In an attempt to end the “trial and error” prescription of antidepressants, British scientists have conducted a small study that matches biological markers in the blood to the best treatments for depression.
“The study shows that we could use a blood-based ‘test’ to personalize the treatment of depression,” said Carmine Pariante, M.D., of King’s College London’s Institute of Psychiatry, who led the study.
Her team found that high levels of inflammation, which show up in biological markers in the blood, are part of the process that leads to depression, especially to forms of the disorder that do not respond well to mild or low-dose antidepressants.
“If a patient had high levels of inflammation, they could immediately begin with a more intensive treatment program, such as combining antidepressants or stepping up the doses,” said Pariante.
Although there are a variety of antidepressants on the market, it is widely accepted that many antidepressants work in only half of patients half of the time, and drugmakers are struggling to come up with a new effective medications.
The team set out to identify two types of biomarkers — the first ones (called predictors), which predict future response to antidepressants, and the second ones (called targets), which are targeted by antidepressants and change over the course of treatment.

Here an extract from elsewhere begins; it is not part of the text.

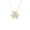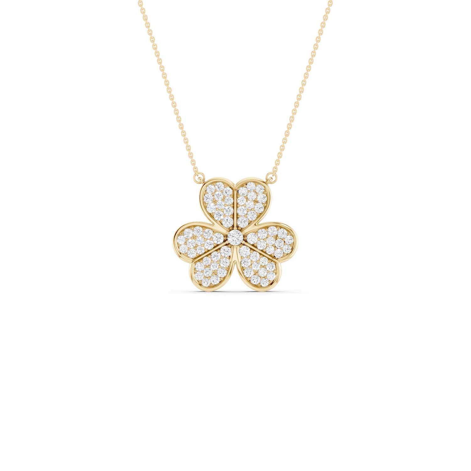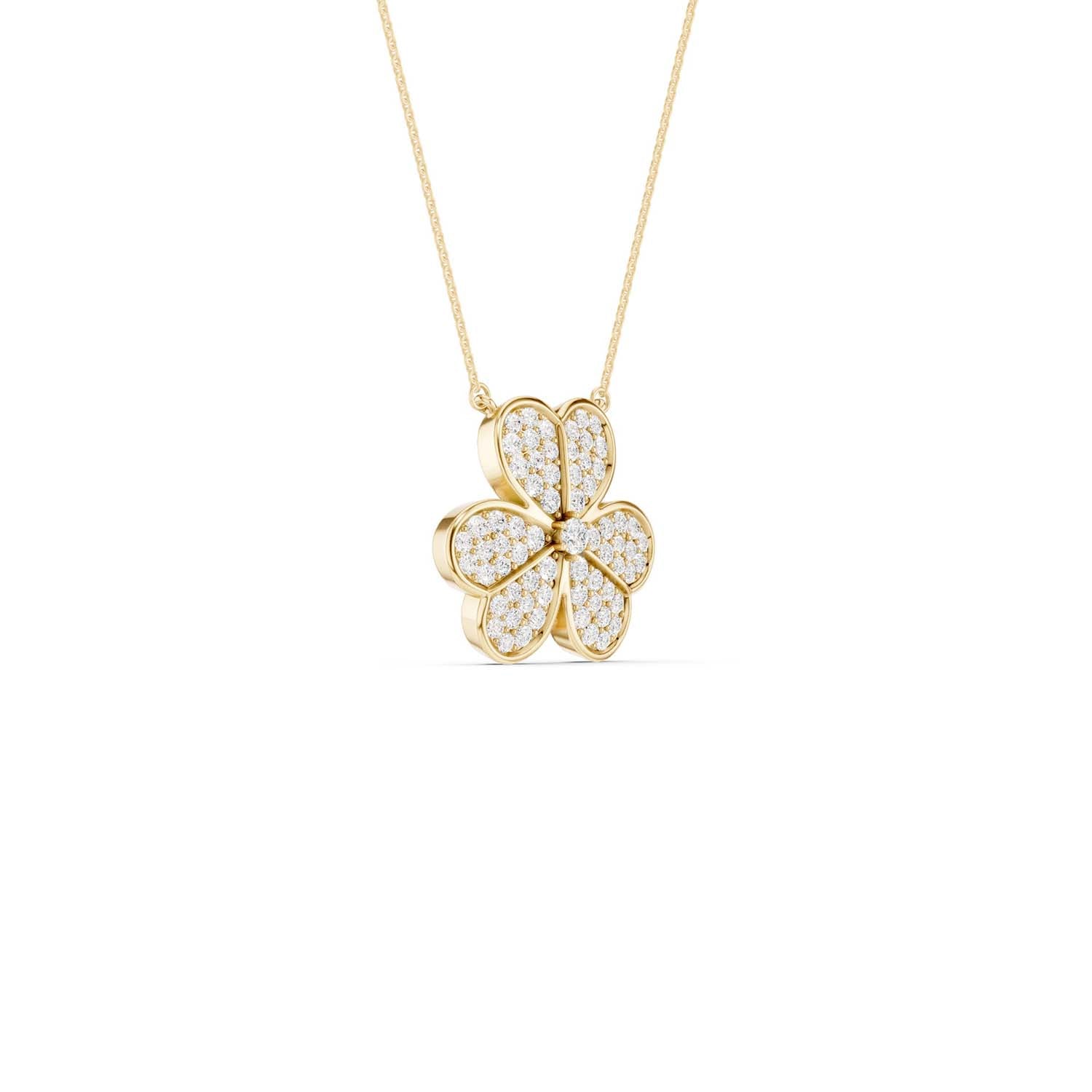 This Lucky Necklace showcases a floral motif with each petal embellished in diamond accents that capture the timeless beauty of blossoms. The floral diamond necklace design symbolizes luck and prosperity, making it a thoughtful and cherished gift.

The researchers said that in human cells, information from genes is transcribed into messenger RNA, or mRNA, before it becomes visible as a physical or biochemical sign. Therefore, the team monitored the patients’ mRNA before and after they were treated with one of two antidepressants — escitalopram or nortriptyline.
Escitalopram, sold under various brand names including Lexapro, Seroplex, Cipralex and made by generic drugmakers, is a serotonin reuptake inhibitor (SSRI). Nortriptyline, sold under the brand names Sensoval, Aventyl and others, is an older type of antidepressant known as a tricyclic.
After eight weeks of treatment, the participants who were not getting any better were those who had much higher levels of three inflammation markers before treatment began.
The results suggest that these three signals could identify patients who are least likely to respond to antidepressants, allowing doctors to consider a more personalized approach to treatment from the start, the researchers said.